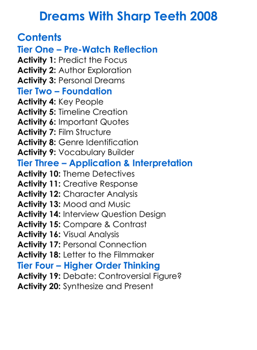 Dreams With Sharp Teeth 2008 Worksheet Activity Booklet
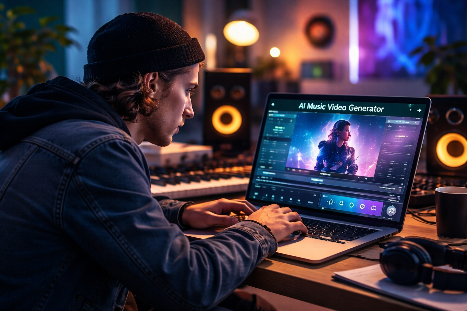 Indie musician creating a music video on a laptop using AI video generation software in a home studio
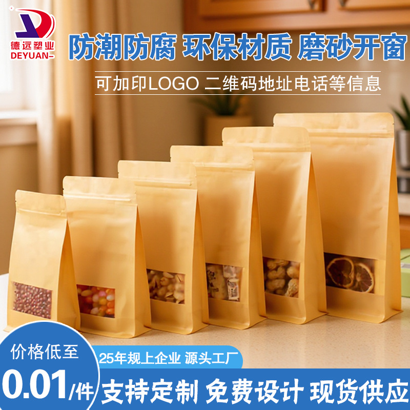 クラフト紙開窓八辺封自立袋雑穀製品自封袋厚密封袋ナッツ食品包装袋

...

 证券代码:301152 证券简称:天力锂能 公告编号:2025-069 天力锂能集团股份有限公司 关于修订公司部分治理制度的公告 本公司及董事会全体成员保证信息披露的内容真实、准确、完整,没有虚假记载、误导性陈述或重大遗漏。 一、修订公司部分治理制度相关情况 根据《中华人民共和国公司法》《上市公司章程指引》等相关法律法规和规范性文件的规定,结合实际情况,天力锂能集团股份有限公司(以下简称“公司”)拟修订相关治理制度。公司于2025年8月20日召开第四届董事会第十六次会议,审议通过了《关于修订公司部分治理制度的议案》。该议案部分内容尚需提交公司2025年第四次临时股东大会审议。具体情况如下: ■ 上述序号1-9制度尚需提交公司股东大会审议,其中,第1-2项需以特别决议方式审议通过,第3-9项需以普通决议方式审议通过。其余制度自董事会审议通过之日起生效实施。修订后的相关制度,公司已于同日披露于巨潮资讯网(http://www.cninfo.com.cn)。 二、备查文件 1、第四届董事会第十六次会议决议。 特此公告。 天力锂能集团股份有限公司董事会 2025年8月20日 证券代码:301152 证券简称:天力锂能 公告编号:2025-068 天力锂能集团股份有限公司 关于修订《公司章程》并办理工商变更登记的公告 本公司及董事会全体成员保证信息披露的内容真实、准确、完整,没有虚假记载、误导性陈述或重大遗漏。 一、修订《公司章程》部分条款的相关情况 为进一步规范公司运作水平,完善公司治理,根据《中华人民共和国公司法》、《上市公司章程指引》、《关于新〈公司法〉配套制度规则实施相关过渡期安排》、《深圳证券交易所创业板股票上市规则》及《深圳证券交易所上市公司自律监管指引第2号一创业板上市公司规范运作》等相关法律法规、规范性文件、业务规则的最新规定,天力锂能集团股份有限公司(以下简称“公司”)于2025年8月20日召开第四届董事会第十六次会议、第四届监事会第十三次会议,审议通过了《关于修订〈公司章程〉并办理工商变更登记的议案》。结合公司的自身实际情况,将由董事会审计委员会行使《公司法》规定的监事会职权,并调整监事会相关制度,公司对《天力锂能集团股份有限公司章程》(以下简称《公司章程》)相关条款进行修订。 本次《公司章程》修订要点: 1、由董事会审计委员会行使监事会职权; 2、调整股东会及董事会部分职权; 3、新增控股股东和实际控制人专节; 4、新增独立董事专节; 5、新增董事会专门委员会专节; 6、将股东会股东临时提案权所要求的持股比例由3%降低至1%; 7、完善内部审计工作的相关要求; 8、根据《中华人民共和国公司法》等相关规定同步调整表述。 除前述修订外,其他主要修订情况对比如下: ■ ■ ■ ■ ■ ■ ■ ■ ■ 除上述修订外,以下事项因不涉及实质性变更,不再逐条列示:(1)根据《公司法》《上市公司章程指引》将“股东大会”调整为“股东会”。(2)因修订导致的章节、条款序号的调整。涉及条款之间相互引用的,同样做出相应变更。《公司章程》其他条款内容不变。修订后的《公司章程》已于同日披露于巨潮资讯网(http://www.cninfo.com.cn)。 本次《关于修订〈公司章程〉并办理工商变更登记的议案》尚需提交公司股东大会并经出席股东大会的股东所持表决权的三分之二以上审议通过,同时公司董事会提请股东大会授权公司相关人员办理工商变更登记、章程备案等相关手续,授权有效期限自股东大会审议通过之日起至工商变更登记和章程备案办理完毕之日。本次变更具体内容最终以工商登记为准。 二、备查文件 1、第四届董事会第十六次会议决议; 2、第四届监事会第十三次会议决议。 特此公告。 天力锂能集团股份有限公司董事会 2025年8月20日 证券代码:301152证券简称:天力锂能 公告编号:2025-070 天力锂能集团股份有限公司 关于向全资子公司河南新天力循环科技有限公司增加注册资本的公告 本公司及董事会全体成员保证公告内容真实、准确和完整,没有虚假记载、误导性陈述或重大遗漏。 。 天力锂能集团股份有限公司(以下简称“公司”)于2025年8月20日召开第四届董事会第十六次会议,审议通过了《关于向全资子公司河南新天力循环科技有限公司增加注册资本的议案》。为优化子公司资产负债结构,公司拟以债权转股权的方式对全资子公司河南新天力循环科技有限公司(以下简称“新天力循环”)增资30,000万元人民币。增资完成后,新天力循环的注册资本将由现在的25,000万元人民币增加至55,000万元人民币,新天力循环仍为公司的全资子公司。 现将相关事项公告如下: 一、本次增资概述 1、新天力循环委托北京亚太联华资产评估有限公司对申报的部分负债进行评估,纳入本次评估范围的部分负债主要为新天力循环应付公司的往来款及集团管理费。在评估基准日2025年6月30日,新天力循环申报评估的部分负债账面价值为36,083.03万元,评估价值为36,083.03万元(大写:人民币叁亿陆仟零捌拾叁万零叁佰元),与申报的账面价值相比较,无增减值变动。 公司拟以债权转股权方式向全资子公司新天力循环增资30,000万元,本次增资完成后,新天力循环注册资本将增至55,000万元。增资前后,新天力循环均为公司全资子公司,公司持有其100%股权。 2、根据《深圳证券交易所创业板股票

...

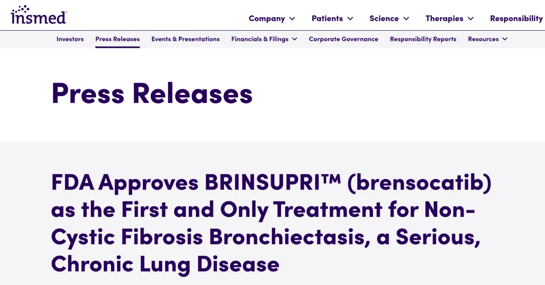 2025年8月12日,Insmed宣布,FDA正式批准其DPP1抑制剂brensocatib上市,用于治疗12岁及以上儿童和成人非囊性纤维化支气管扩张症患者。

*ASSIGNMENT*. Would you copy, word for word, only the lines above from the one containing "Dreams With Sharp" through the one containing "クラフト紙開窓八辺封自立袋雑穀製品自封袋厚密封袋ナッツ食品包装袋", both included, and please leave out the pictures?

*EXERCISE ANSWER*.
 Dreams With Sharp Teeth 2008 Worksheet Activity Booklet
 Indie musician creating a music video on a laptop using AI video generation software in a home studio
 クラフト紙開窓八辺封自立袋雑穀製品自封袋厚密封袋ナッツ食品包装袋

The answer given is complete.